Quelle image donnera ce soir l'opposition lors du débat sur la prolongation de l'état d'urgence, discuté puis voté à l'Assemblée nationale ? « Cela risque d'être... assez ferme », euphémise déjà un parlementaire des Républicains (LR), laissant présager des discussions tendues avec le gouvernement. Quitte à revivre la séance agitée qui avait suivi les attentats du 13 Novembre ? « C'est pas le but. Mais s'il faut se faire entendre... »

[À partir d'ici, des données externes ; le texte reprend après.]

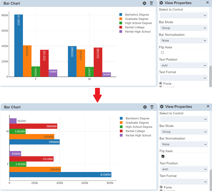 This property allows switching the X and Y axis on display. This property is only available on the bar chart.
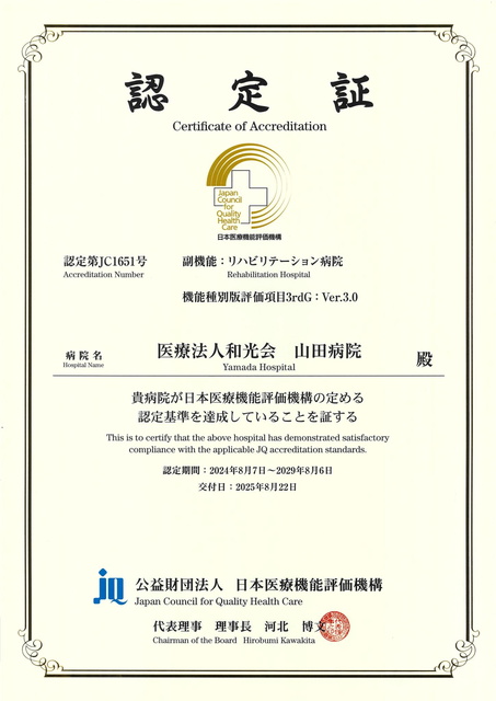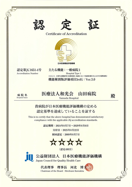 医療法人和光会 山田病院は、公益財団法人日本医療機能評価機構による「病院機能評価」の更新審査を今年2月に受け、このたび認定証が届き、更新が完了いたしました。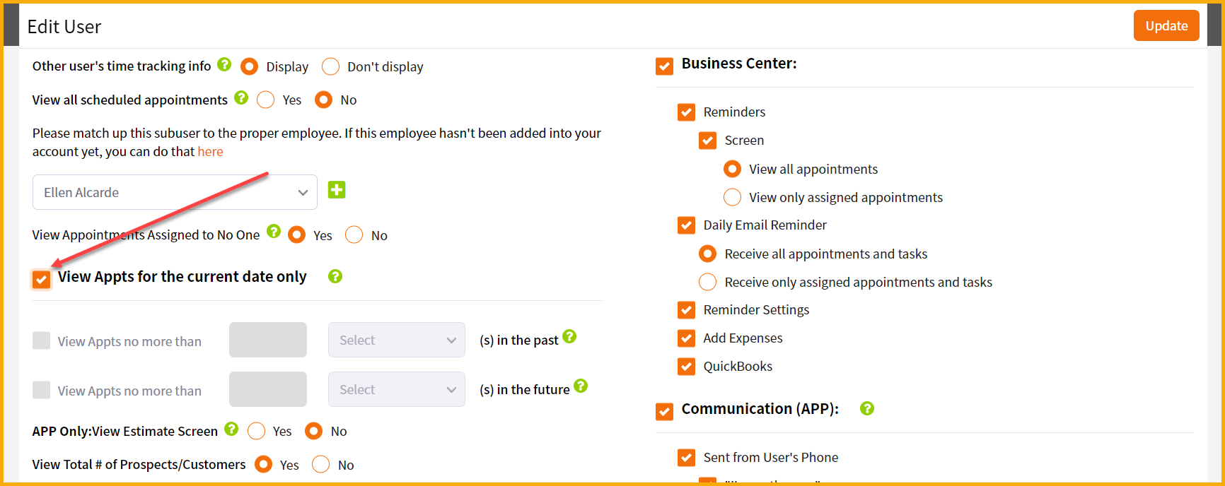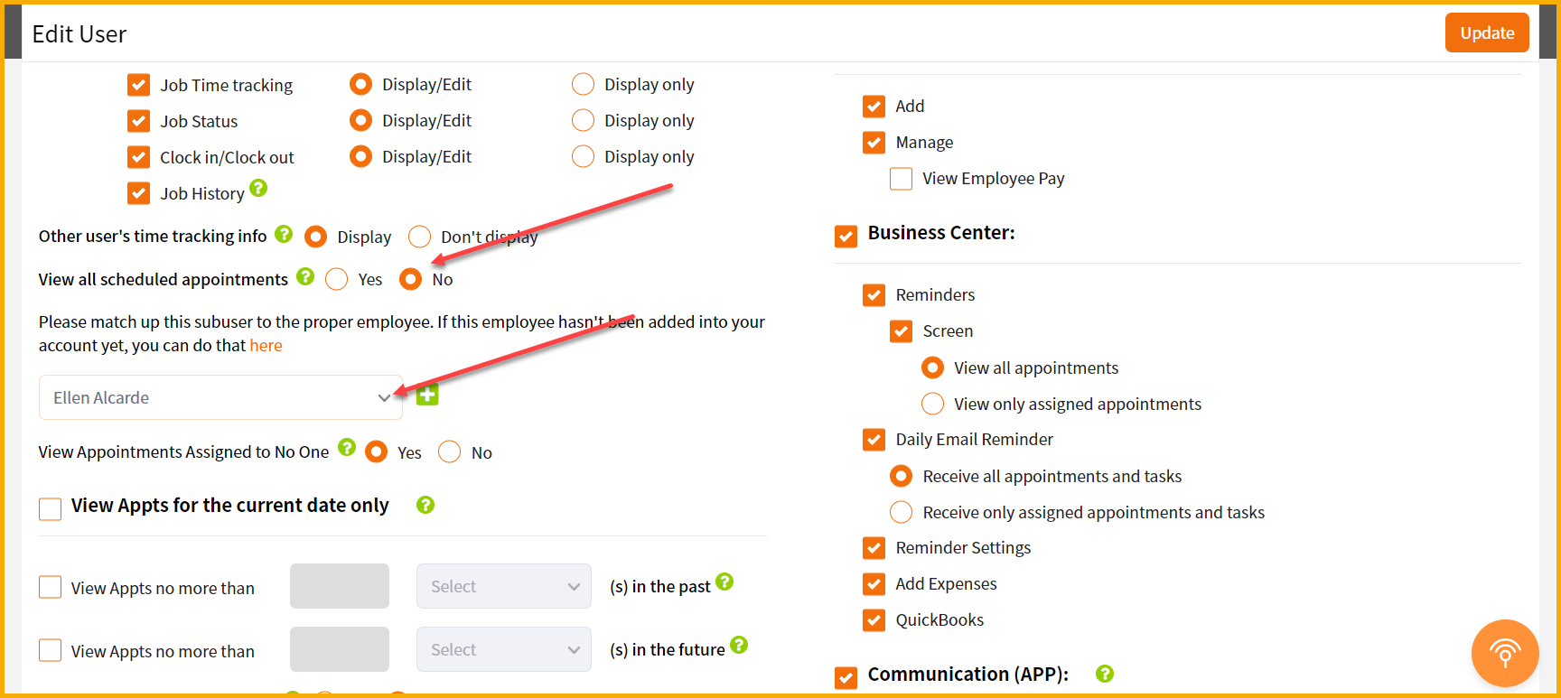 "View all scheduled appts" - Most users select "No" and then choose the employee in the dropdown. This means that the sub-user will only see what's assigned to him or her.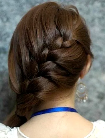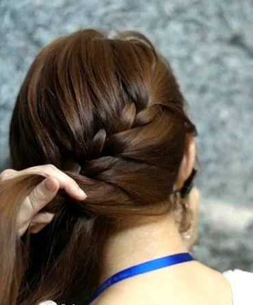 步骤四:然后将编过来的所有头发集合到一起,继续编松松得三股辫。

Hier soir, à l'occasion d'un bureau politique extraordinaire des Républicains, Nicolas Sarkozy et les siens ont défini la stratégie des jours à venir : d'accord pour soutenir le texte, mais pas sans certaines conditions. « On propose un deal. Une façon de dire qu'on ne donne pas un blanc-seing au gouvernement pour voter la prolongation de l'état d'urgence », explique son entourage. Dix propositions sont ainsi formulées, comme « l'expulsion en urgence absolue de tout étranger ayant des connexions avec un groupe terroriste », « la prolongation de l'état d'urgence pour au moins six mois, voire au-delà, pour prendre en compte les échéances de l'année 2017 », ou encore « la création d'un nombre de centres de déradicalisation à la hauteur des besoins ».

 

La primaire n'est jamais loin

« Bien, mais insuffisant », a réagi dans la foulée Jean-François Copé, selon qui la droite devrait aller encore plus loin, préconisant carrément « un plan de bataille contre le terrorisme islamiste », dit-il, avec 50 000 « emplois dans le régalien ». Même position pour Nathalie Kosciusko-Morizet, elle aussi candidate à la primaire, qui souhaiterait faire interdire le salafisme en France, de manière à pouvoir fermer les mosquées salafistes sur l'exemple des sectes. Ce à quoi Sarkozy lui a répondu que cette proposition devait s'inscrire dans un débat plus large sur l'islam de France.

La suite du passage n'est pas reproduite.